» **TRY IT**: Although the records include pictures, the copy should not; write out exactly the lines from the first through the line with "去年商店街の更地に建ったマン".

» **DATA EXTRACT**:
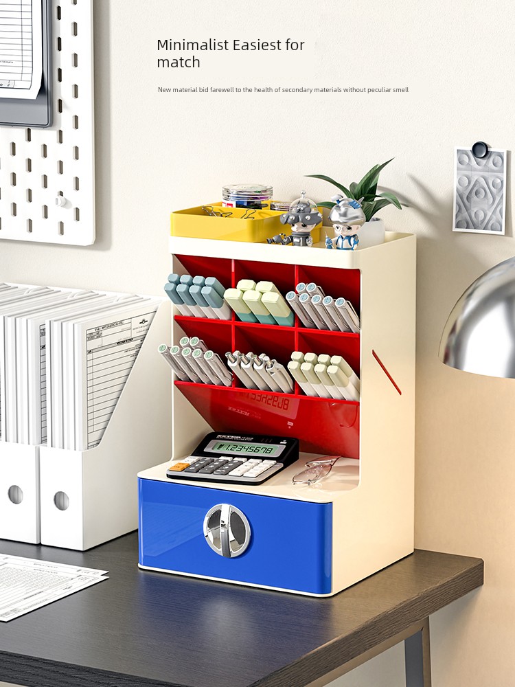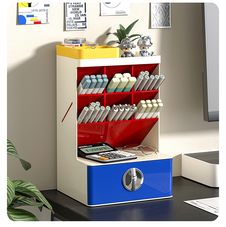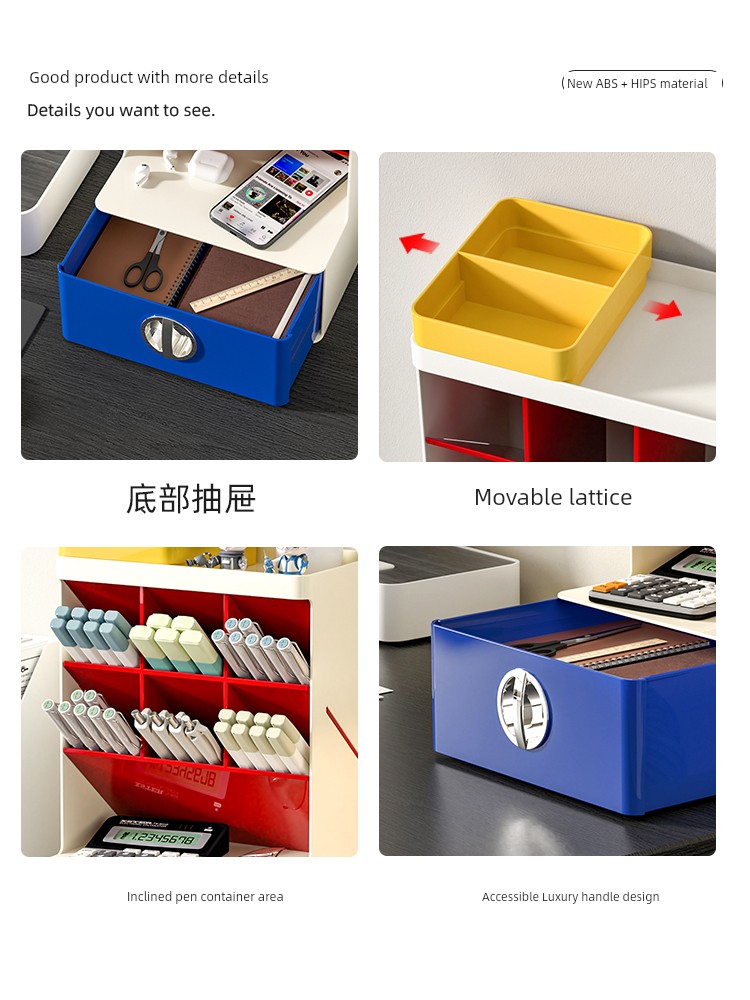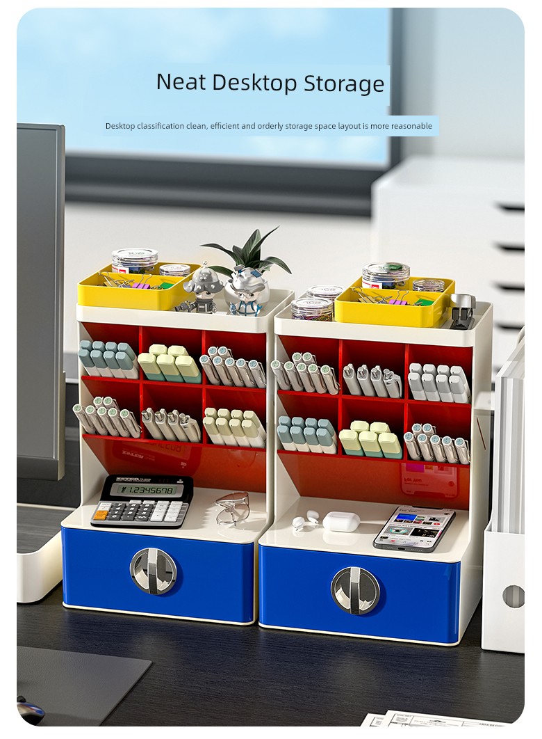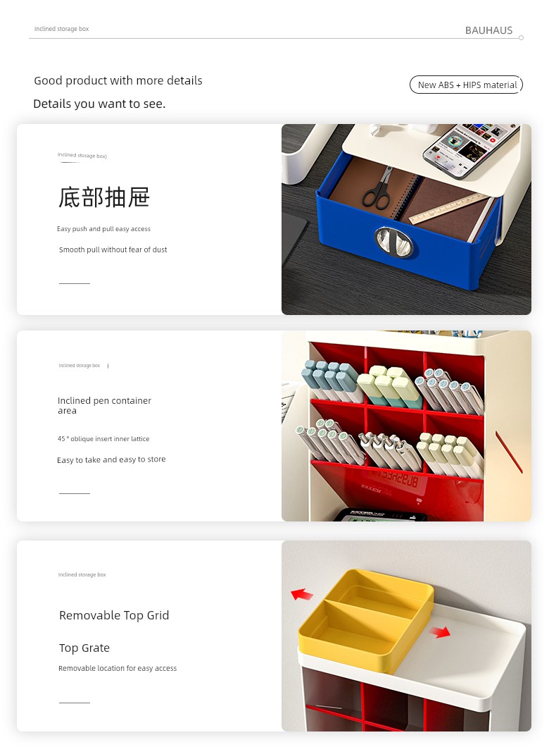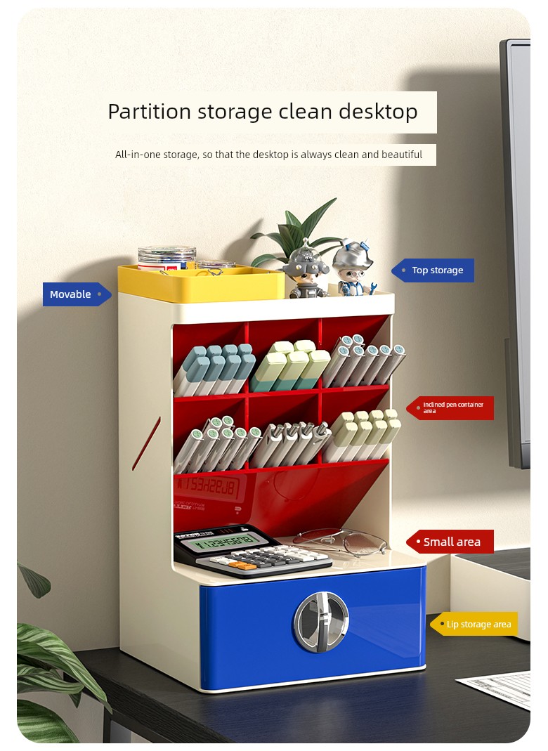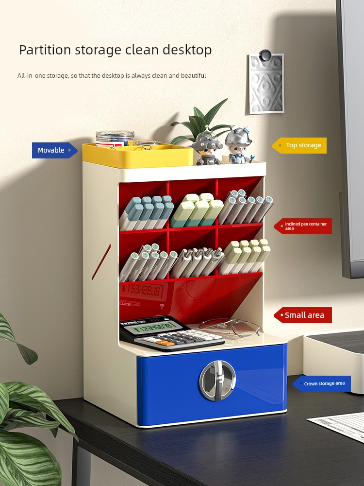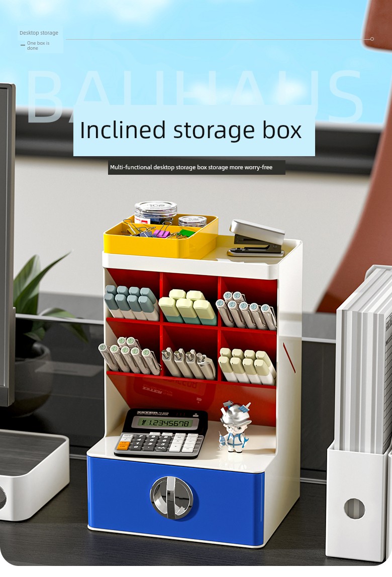 Contrast Color Oblique Insert Storage Box Desktop Drawer Student Office Desk Large Capacity Storage Rack Multifunctional Pen Holder
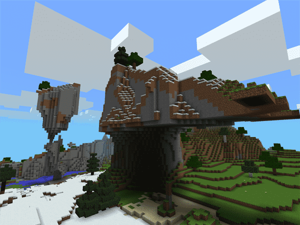 The name for this seed really speaks for itself; extra nuts. The extreme overhanging hill in this seed is really magnificence. You’ll also find a couple of islands floating in the air nearby the main attraction. Have a look and enjoy this unique seed!
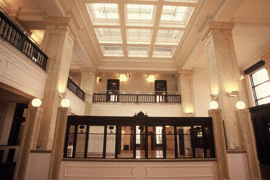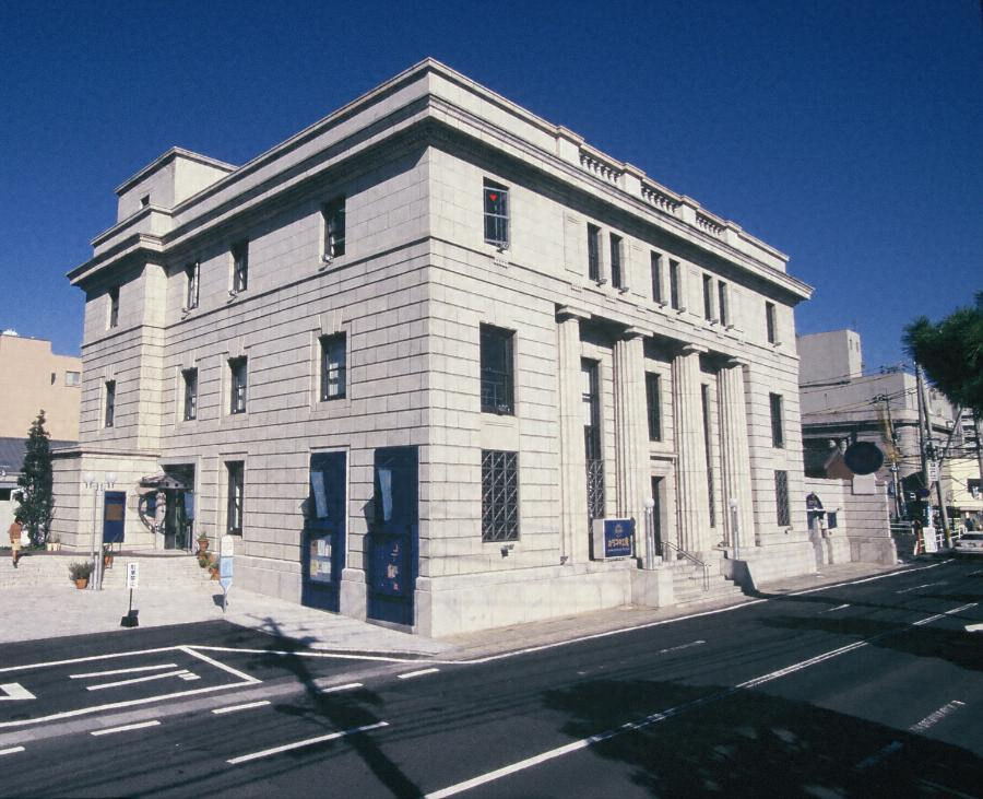 長野宇平治の設計で昭和一三年に完成した。鉄筋コンクリート造三階建、地下一階で、塔屋と煙突を有する。外観はギリシャ神殿風の意匠でまとめ、営業室と客溜は吹き抜けの大空間で、地下は金庫室である。当初形式をよく保持し、地域の核として親しまれている。
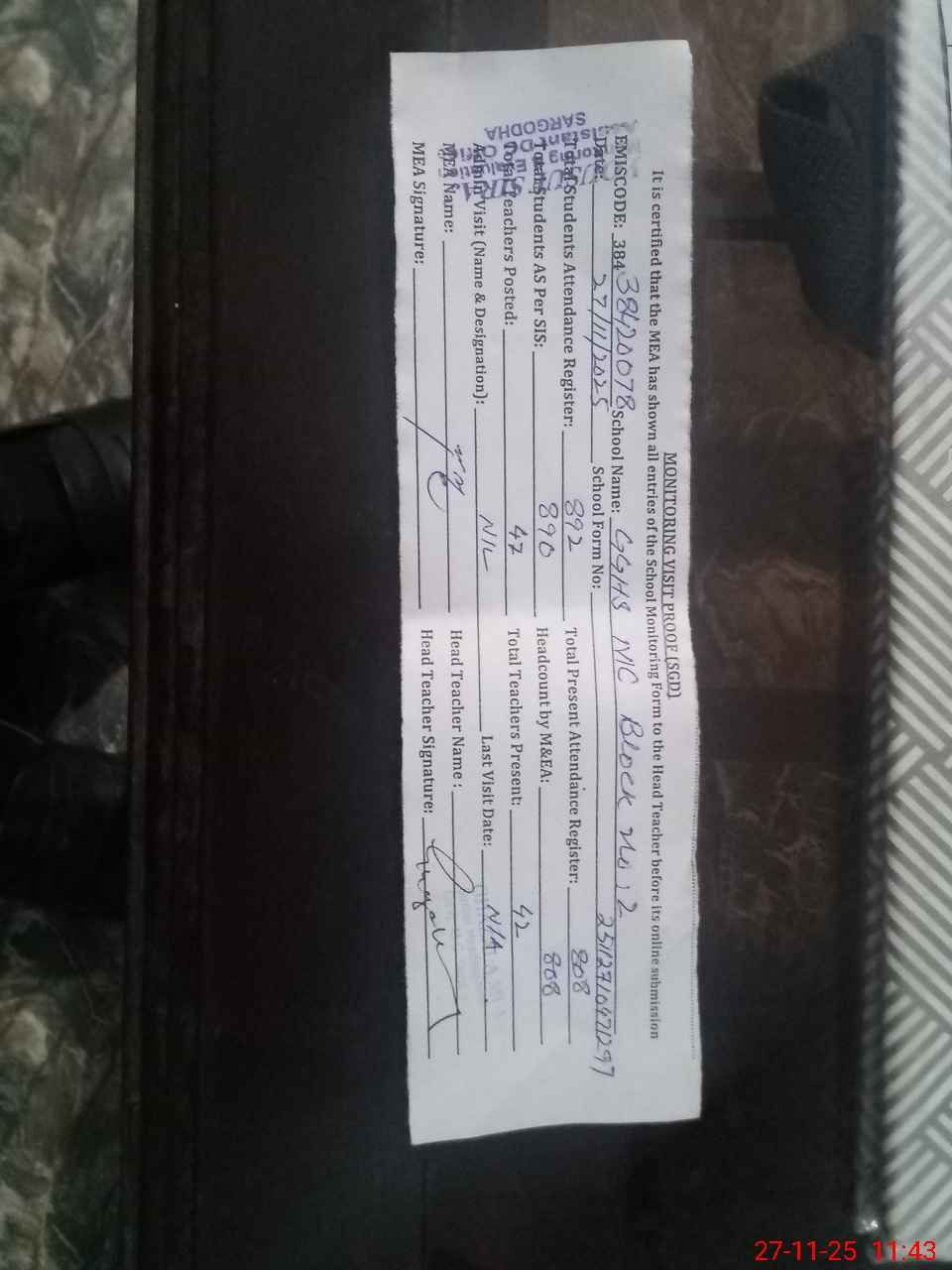 | Attendance Register | Head Teacher | MEA with School | Visit Proof |
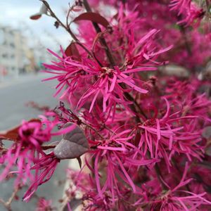 去年商店街の更地に建ったマンションの庭の植栽の花ロドレイアです。 花の付き方や葉・樹姿がシャクナゲに似ているので別名をシャクナゲモドキと呼ばれます。
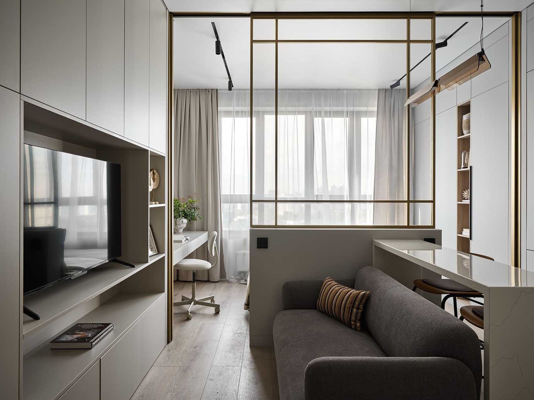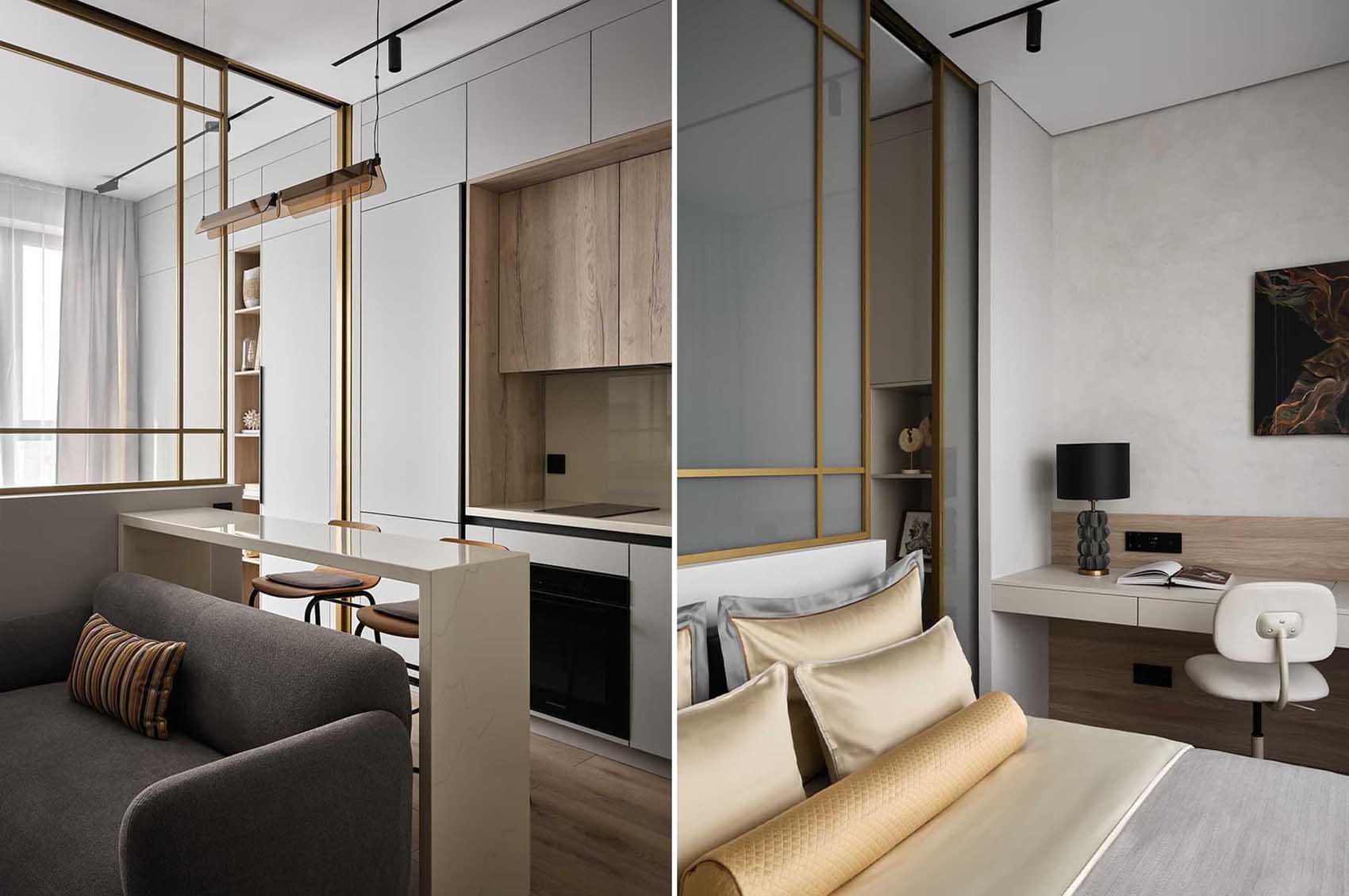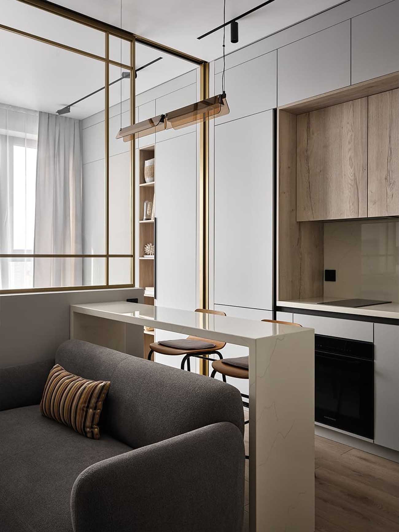 Egy mindössze 30 m²-es kislakás berendezését bízta lakberendezőre a tulajdonos. Az elképzelés szerint egy meghitt butikhotel szobájának hangulatát kellett megidézni a szerény alapterületen, ahol a nyugodt, szürkés-bézs színpalettát arany részletek és finom textíliák egészítik ki. A legfőbb kihívást az ingatlan szerény alapterülete jelentette, amelyen egy szeparált hálószobát, valamint egy kényelmes amerikai konyhás nappalit kellett kialakítani.

» **RESULT OF THIS TASK**:
 Contrast Color Oblique Insert Storage Box Desktop Drawer Student Office Desk Large Capacity Storage Rack Multifunctional Pen Holder
 The name for this seed really speaks for itself; extra nuts. The extreme overhanging hill in this seed is really magnificence. You’ll also find a couple of islands floating in the air nearby the main attraction. Have a look and enjoy this unique seed!
 長野宇平治の設計で昭和一三年に完成した。鉄筋コンクリート造三階建、地下一階で、塔屋と煙突を有する。外観はギリシャ神殿風の意匠でまとめ、営業室と客溜は吹き抜けの大空間で、地下は金庫室である。当初形式をよく保持し、地域の核として親しまれている。
 | Attendance Register | Head Teacher | MEA with School | Visit Proof |
 去年商店街の更地に建ったマンションの庭の植栽の花ロドレイアです。 花の付き方や葉・樹姿がシャクナゲに似ているので別名をシャクナゲモドキと呼ばれます。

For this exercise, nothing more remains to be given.